== ASSIGNMENT ==
The listing, minus its pictures, is to be given again exactly.

== GIVEN DATA ==
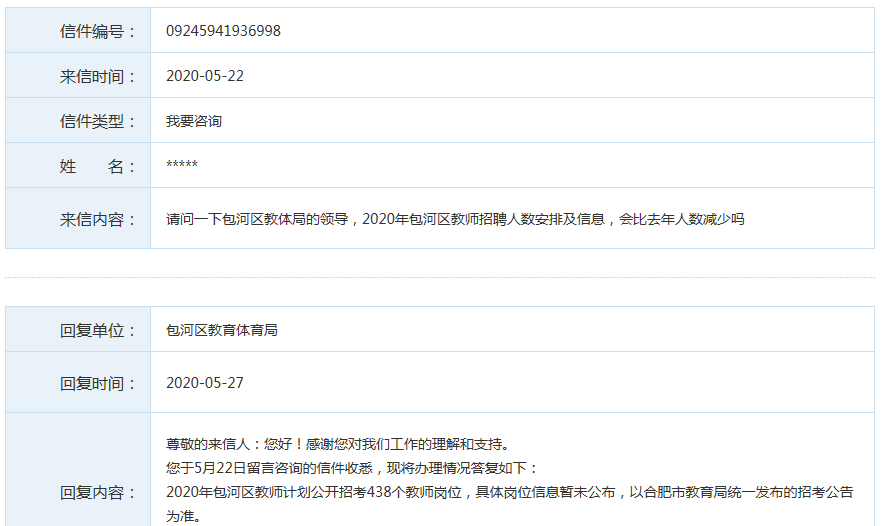 回復(fù)內(nèi)容:尊敬的來(lái)信人:您好!感謝您對(duì)我們工作的理解和支持。您于5月22日留言咨詢(xún)的信件收悉,現(xiàn)將辦理情況答復(fù)如下:2020年包河區(qū)教師計(jì)劃公開(kāi)招考438個(gè)教師崗位,具體崗位信息暫未公布,以合肥市教育局統(tǒng)一發(fā)布的招考公告為準(zhǔn)。
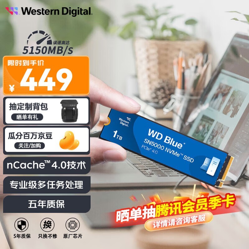 西部数据 SN5000固态硬盘在京东的原价为469.00元,现在活动售价仅为449.00元,以这个价格就能拥有1TB大容量的高性能固态硬盘,非常划算。
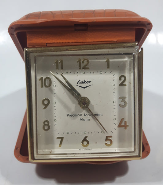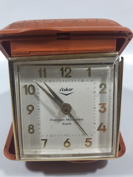 Vintage Fisher Precision Movement Brown Hard Plastic Cased Travel Alarm Clock Made in West Germany
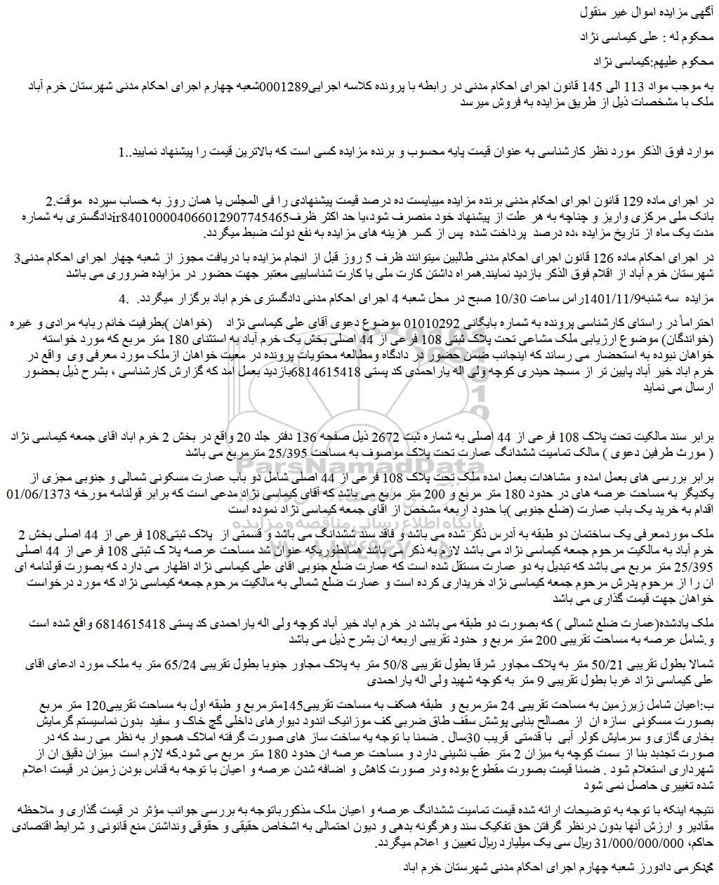 به موجب مواد 113 الی 145 قانون اجرای احکام مدنی در رابطه با پرونده کلاسه اجرایی0001289شعبه چهارم اجرای احکام مدنی شهرستان خرم آباد ملک با مشخصات ذیل از طریق مزایده به فروش میرسد

== THE ANSWER ==
 回復(fù)內(nèi)容:尊敬的來(lái)信人:您好!感謝您對(duì)我們工作的理解和支持。您于5月22日留言咨詢(xún)的信件收悉,現(xiàn)將辦理情況答復(fù)如下:2020年包河區(qū)教師計(jì)劃公開(kāi)招考438個(gè)教師崗位,具體崗位信息暫未公布,以合肥市教育局統(tǒng)一發(fā)布的招考公告為準(zhǔn)。
 西部数据 SN5000固态硬盘在京东的原价为469.00元,现在活动售价仅为449.00元,以这个价格就能拥有1TB大容量的高性能固态硬盘,非常划算。
 Vintage Fisher Precision Movement Brown Hard Plastic Cased Travel Alarm Clock Made in West Germany
 به موجب مواد 113 الی 145 قانون اجرای احکام مدنی در رابطه با پرونده کلاسه اجرایی0001289شعبه چهارم اجرای احکام مدنی شهرستان خرم آباد ملک با مشخصات ذیل از طریق مزایده به فروش میرسد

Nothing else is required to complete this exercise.